To be able to execute getLine in an Op context, you need to 'lift' the IO operation into the Op monad. You can do this by writing a function liftIO:
liftIO :: IO a -> Op a
liftIO io = Op $ \st -> do
x <- io
return (st, x)
You can now write:
runOp (do x <- liftIO getLine; ...
Use class MonadIO
Now the pattern of lifting an IO action into a custom monad is so common that there is a standard type class for it:
import Control.Monad.Trans
class Monad m => MonadIO m where
liftIO :: IO a -> m a
So that your version of liftIO becomes an instance of MonadIO instead:
instance MonadIO Op where
liftIO = ...
Use StateT
You've currently written your own version of the state monad, specialised to state ST. Why don't you use the standard state monad? It saves you from having to write your own Monad instance, which is always the same for the state monad.
type Op = StateT ST IO
StateT already has a Monad instance and a MonadIO instance, so you can use those immediately.
Monad transformers
StateT is a so-called monad transformer. You only want IO actions in your Op monad, so I've already specialized it with the IO monad for you (see the definition of type Op). But monad transformers allow you to stack arbitrary monads. This what intoverflow is talking about. You can read more about them here and here.

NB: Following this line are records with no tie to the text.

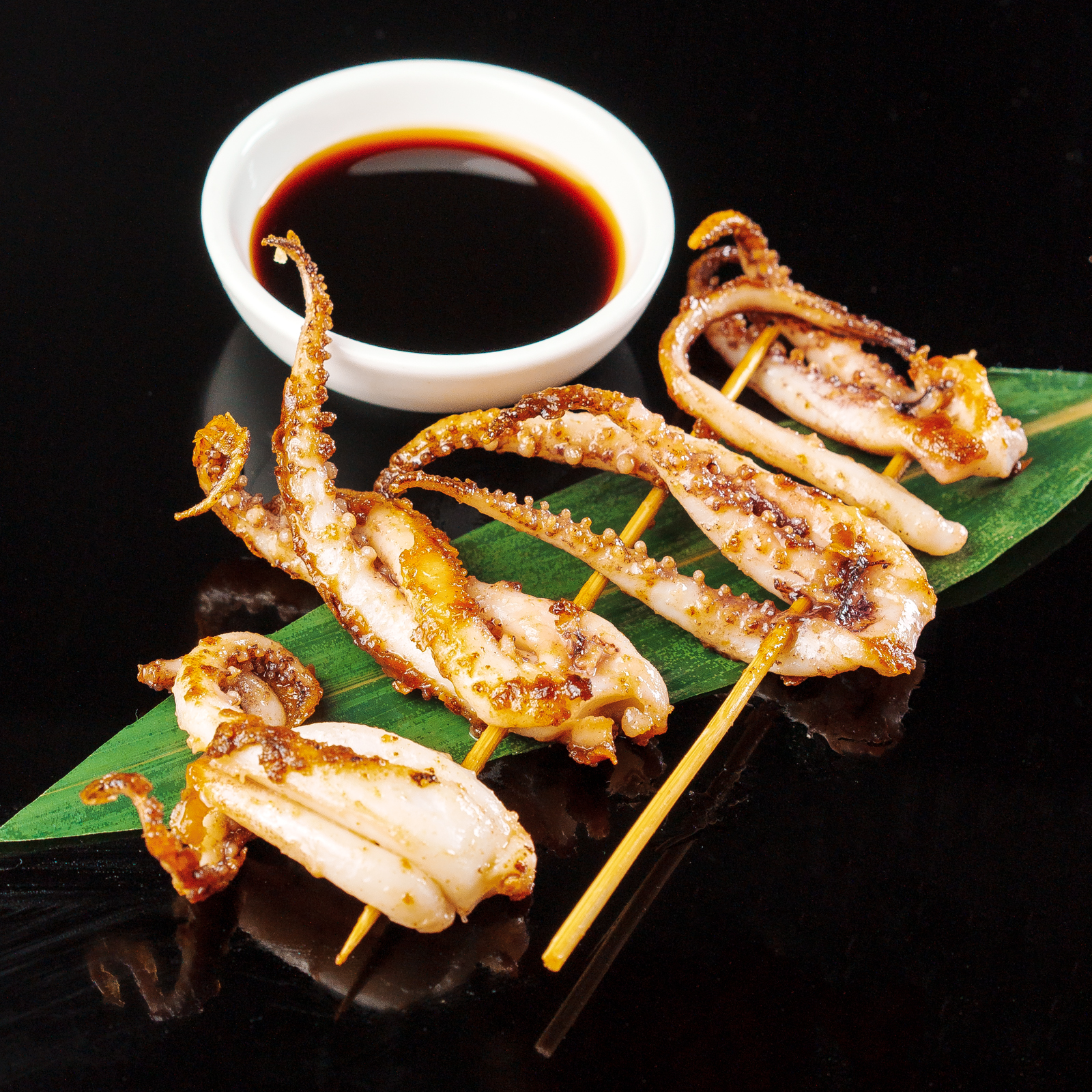 seppia grigliata servito con salsa teriyaki. questo piatto pupo essere ordinato anche dalle persone celiaci specificando senza salsa teriyaki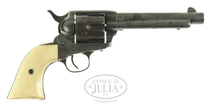 COLT SGL ACTION ARMY REVOLVER. Cal. 41 Colt. SN 140006. Usual configuration with 5-1/2″ bbl, fixed sights, 2-line patent markings with rampant Colt in a broken circle. It has smooth 2-pc ivory grips. It is accompanied by a Colt Factory letter identifying this revolver with a silver finish and ivory grips as having been shipped May 27, 1891 to William Challen, Jr, address not indicated. Inside the grips in the left side is scratched the name “JACK LAND” and inside the right grip is scratched either the “77” or “17” “RANCH” with the name “BUCK CAMP” and “WYO”. Preliminary Google search disclosed that there is actually a 77 Ranch in Wyoming. CONDITION: Good plus. Orig silver finish remains only under the ejector rod housing and in the sight groove with traces in the loading cut-out. Balance of the revolver is a mottled silver/brown patina with a spot of heavy rust on the bbl about 1″ in front of the frame. Frame & back strap have scattered fine pitting, as does the cylinder. Cylinder pin screw & front trigger guard screw are replacements. Safety notch is missing and it will not hold at half cock, otherwise mechanics are fine, strong bore with light to moderate pitting. Grips are extremely fine with a few age lines in the bottom and both sides retain a wonderful smooth mellow gold patina. A rare Colt that has seen some hard use. 4-57436 (3,000-5,000)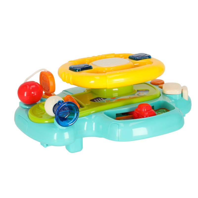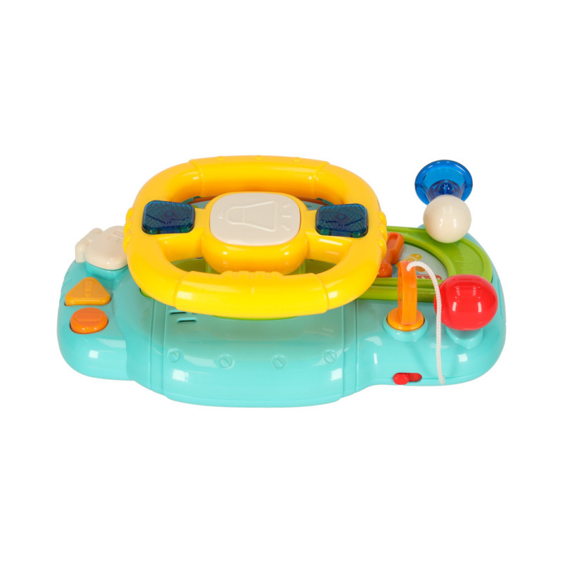 Žltý volant umožňuje ovládať červené autíčko umiestnené na palubnej doske. Dieťa si tak môže užívať ilúziu skutočnej jazdy. Ozývajú sa reálne zvuky motora, smeroviek či trúby, ktoré sú doplnené o svietiace smerovky.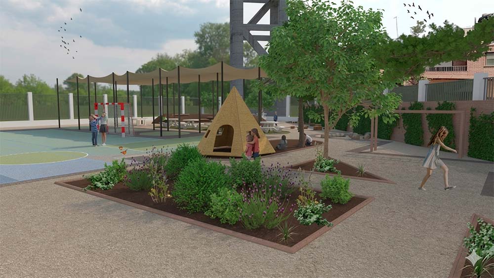 Una de las principales claves de la transformación es la renaturalización de los patios. Al incorporar más vegetación, huertos escolares, pérgolas y otros elementos naturales, los patios se convierten en espacios saludables que mejoran no solo el confort climático, sino también el bienestar emocional de los estudiantes.
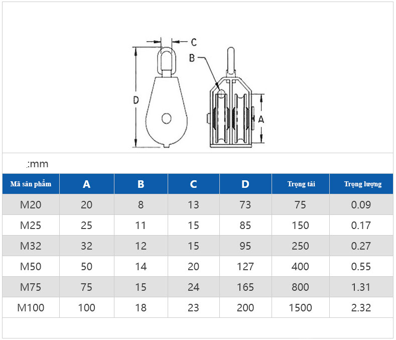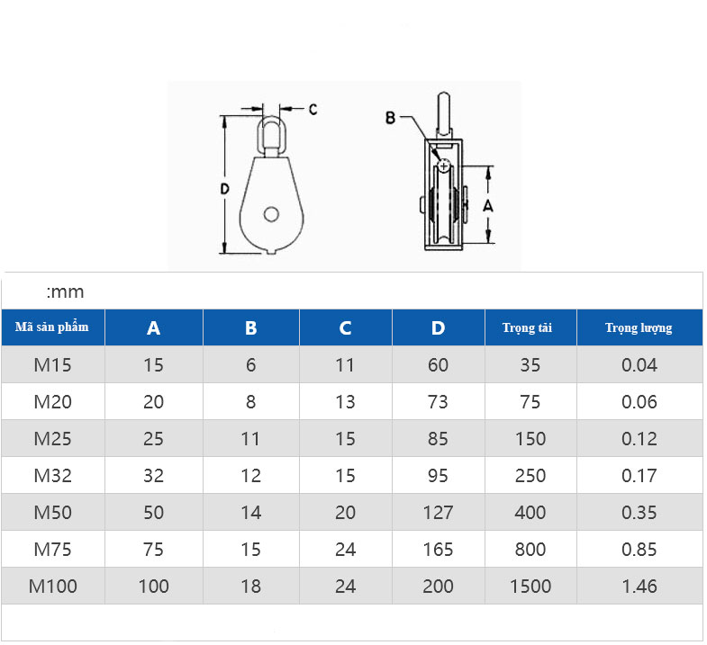 Đường kính ngoài : 125mm, 150mm, 180mm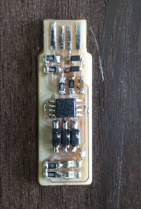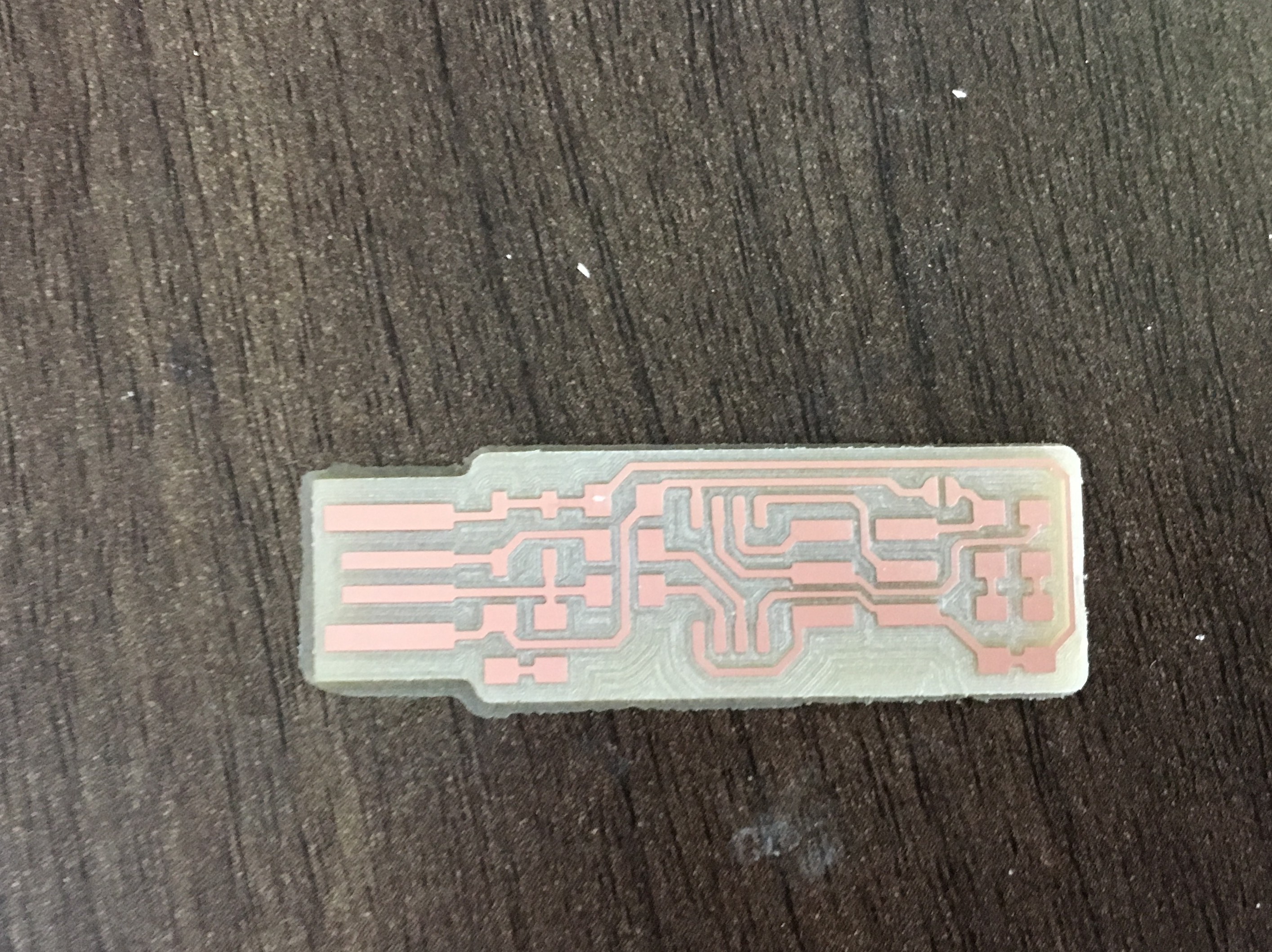 I have some theoritical information on electronics that I acquired in my 1st year of engineering. I don't know how they work altough I have an idea what some of the component do.I do find it very interesting as I have a lot of projects that could benefit from some moving parts.I wrote down the start and end points (in mm) and started milling. Because milling just .1mm of copper the dust is minimal and the dustbuster was not nescessary all the time. Though we wanted to see what the machine was doing. So I downloaded Brian's usb tiny circuit based on ATtiny44 as suggested by professor Neil I tried to understand how the circuit works with that attiny lower speed micro controllers Then I Transfered the png in fabmodules.org in order to get .rml documents:

The basic approach would be to rewrite your Op monad as a monad transformer. This would allow you to use it in a "stack" of monads, the bottom of which might be IO.
Here's an example of what that might look like:
import Data.Array
import Control.Monad.Trans
data Registers = Reg { foo :: Int }
data ST = ST {registers :: Registers,
memory :: Array Int Int}
newtype Op m a = Op {runOp :: ST -> m (ST, a)}
instance Monad m => Monad (Op m) where
return a = Op $ \st -> return (st, a)
(>>=) stf f = Op $ \st -> do (st1, a1) <- runOp stf st
(st2, a2) <- runOp (f a1) st1
return (st2, a2)
instance MonadTrans Op where
lift m = Op $ \st -> do a <- m
return (st, a)
getState :: Monad m => (ST -> a) -> Op m a
getState g = Op $ \st -> return (st, g st)
updState :: Monad m => (ST -> ST) -> Op m ()
updState g = Op $ \st -> return (g st, ())
testOpIO :: Op IO String
testOpIO = do x <- lift getLine
return x
test = runOp testOpIO
The key things to observe:
The use of the MonadTrans class
The use of the lift function acting on getLine, which is used to bring the getline function from the IO monad and into the Op IO monad.
Incidentally, if you don't want the IO monad to always be present, you can replace it with the Identity monad in Control.Monad.Identity. The Op Identity monad behaves exactly the same as your original Op monad.